- TASK DESCRIPTION: When you reach a picture, skip it, and retype every line below exactly.

- SOURCE MATERIAL:
================

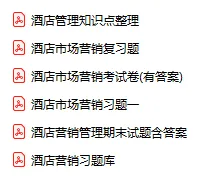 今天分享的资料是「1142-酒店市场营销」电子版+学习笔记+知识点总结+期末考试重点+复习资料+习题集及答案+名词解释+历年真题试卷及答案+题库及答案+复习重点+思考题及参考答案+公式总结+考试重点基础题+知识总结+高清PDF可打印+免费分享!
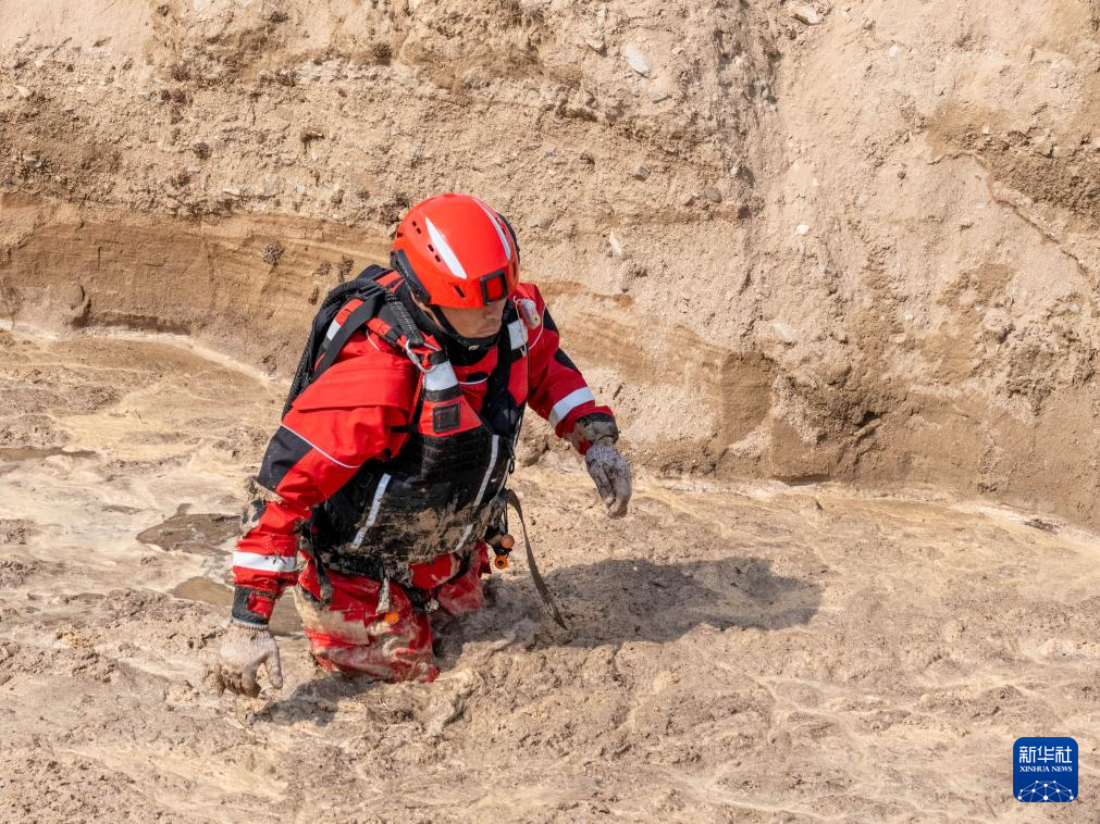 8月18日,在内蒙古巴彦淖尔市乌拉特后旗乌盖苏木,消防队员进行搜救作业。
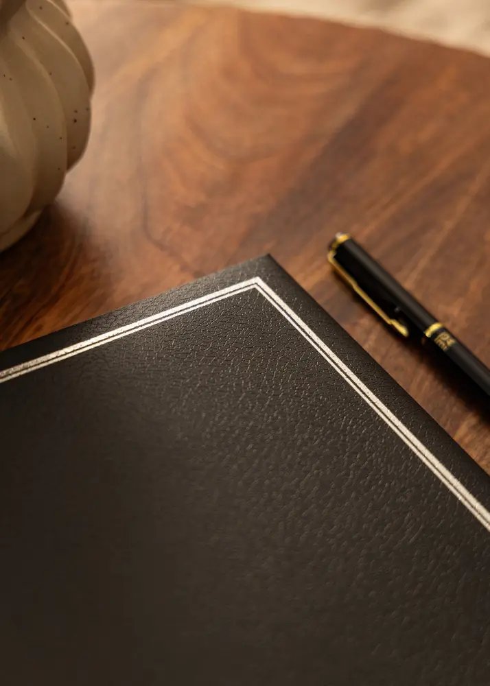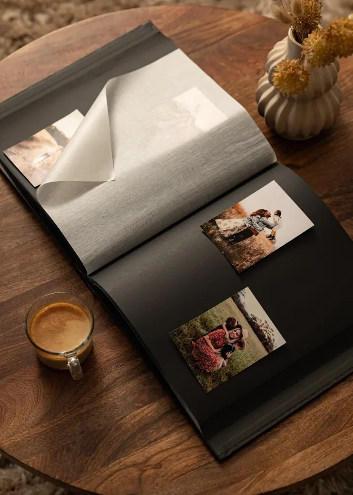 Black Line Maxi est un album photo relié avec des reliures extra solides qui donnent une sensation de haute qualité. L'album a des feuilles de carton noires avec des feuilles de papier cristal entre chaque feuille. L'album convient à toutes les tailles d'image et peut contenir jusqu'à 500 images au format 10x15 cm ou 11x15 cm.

================

- YOUR SOLUTION:
 今天分享的资料是「1142-酒店市场营销」电子版+学习笔记+知识点总结+期末考试重点+复习资料+习题集及答案+名词解释+历年真题试卷及答案+题库及答案+复习重点+思考题及参考答案+公式总结+考试重点基础题+知识总结+高清PDF可打印+免费分享!
 8月18日,在内蒙古巴彦淖尔市乌拉特后旗乌盖苏木,消防队员进行搜救作业。
 Black Line Maxi est un album photo relié avec des reliures extra solides qui donnent une sensation de haute qualité. L'album a des feuilles de carton noires avec des feuilles de papier cristal entre chaque feuille. L'album convient à toutes les tailles d'image et peut contenir jusqu'à 500 images au format 10x15 cm ou 11x15 cm.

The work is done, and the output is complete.